12 Febbraio 2019Per chi scrivono le loro poesie, i poeti? Le scrivono solo per se stessi, o per gli altri uomini? E per quali esattamente: per gli amici, o per gli spiriti affini, o anche per l’intera umanità? E si rivolgono solo ai contemporanei oppure alle generazioni future, come Francesco Petrarca che scriveva lettere indirizzate ai posteri?

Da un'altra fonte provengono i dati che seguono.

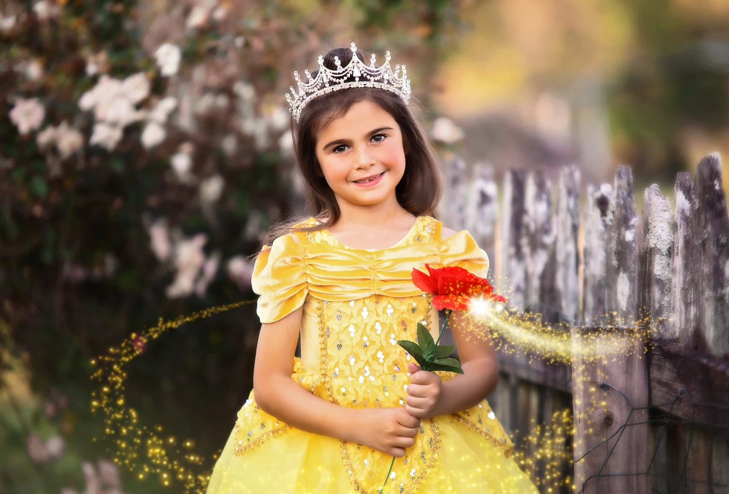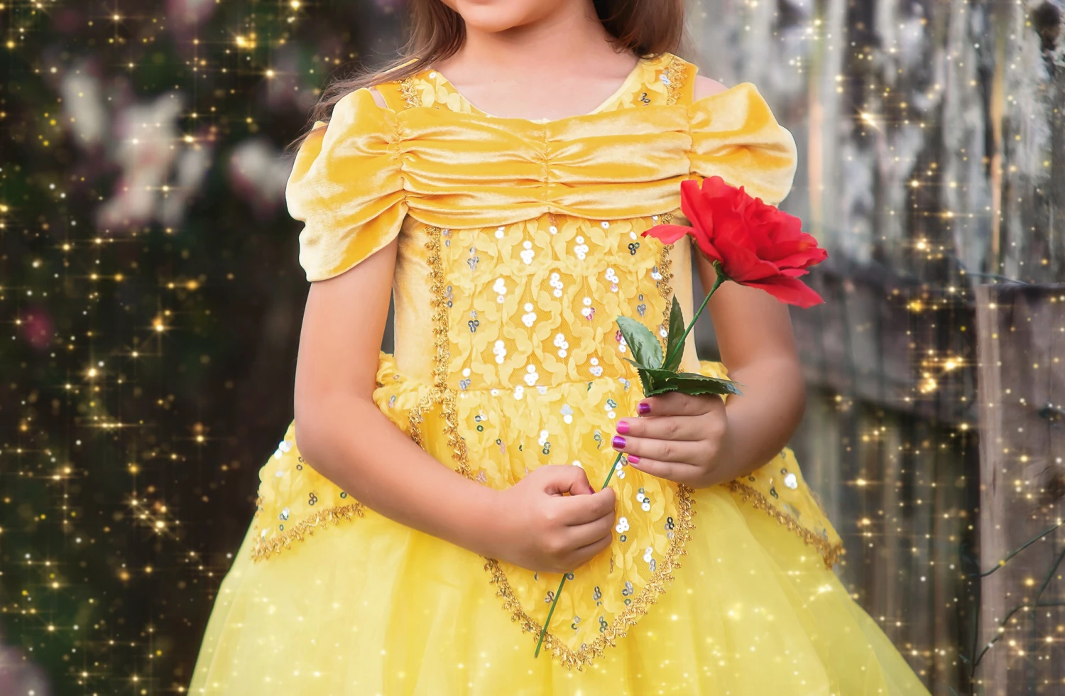One our most-loved princesses is now back in a mini-length! Perfectly sweet and oh so twirly, this regal princess dress with have your girl in a twirl! The soft velvet bodice and sleeves lead to a sequined ribbon skirt, layered with bountiful tulling. Like all of our dress up, this gorgeous mini is fully lined with soft cotton and back zips. No glitter is used on any of our products. Machine wash, hang dry.

Per alcuni aspetti, la domanda che si vorrebbe porre ai poeti è simile a quella che si può rivolgere anche ai musicisti, agli scrittori, ai pittori, ai registi di cinema o di teatro, eccetera; e non è neanche troppo diversa da quella che si potrebbe porre ai filosofi e ai teologi. Per altri versi, in vece, la dimensione specifica della poesia non è equiparabile né alle altre arti, né, meno ancora, all’esercizio del pensiero. Ci basta, per adesso, aver accennato al più ampio contesto in cui si colloca la domanda sul senso della poesia: un contesto che abbraccia idealmente la multiforme ed elusiva figura nota come "intellettuale", e il cui rapporto con la società moderna è, a dir poco, complesso ed ambiguo. Quanto al poeta, è ormai perfino un luogo comune dire che egli si sente emarginato, incompreso e alienato, in un mondo dominato da ben altri miti, quelli della scienza e della tecnica; ma questa prospettiva, fatta la tara a quel tanto di lamentoso e di vittimistico che contraddistingue tanti poeti moderni, da Baudelaire ai crepuscolari e oltre, può essere facilmente capovolta osservando che sono i poeti che devono avere qualcosa da dire, non la società che deve tenersi pronta ad ascoltare le loro parole come se fossero degli oracoli. La società, ogni società, è quella che è: la compongono persone affaccendate nella dimensione pratica della vita, e solo una piccola minoranza possiede la dote, o ha la fortuna, di potersi dedicare alla riflessione spassionata e al culto del bello. Forse, comunque, se ci fossero meno falsi poeti e se i poeti avessero qualcosa di profondo e di vero da dire, una parte almeno dei loro concittadini si fermerebbe ad ascoltarli, anche solo per un poco. E tuttavia, resta la domanda essenziale: a chi si rivolge il poeta, quando scrive le sue poesie? E diciamo quando scrive, non quando pubblica, perché è evidente che, nel momento in cui le pubblica, o le pubblicano i suoi eredi, dopo la sua morte e d’accordo con un editore, quelle poesie rivestono, per ciò stesso, una funzione squisitamente economica: devono produrre un guadagno, e pertanto si rivolgono ad un pubblico in vista di un interesse economico. Ma quando scrive le sue poesie, per chi le scrive, il poeta?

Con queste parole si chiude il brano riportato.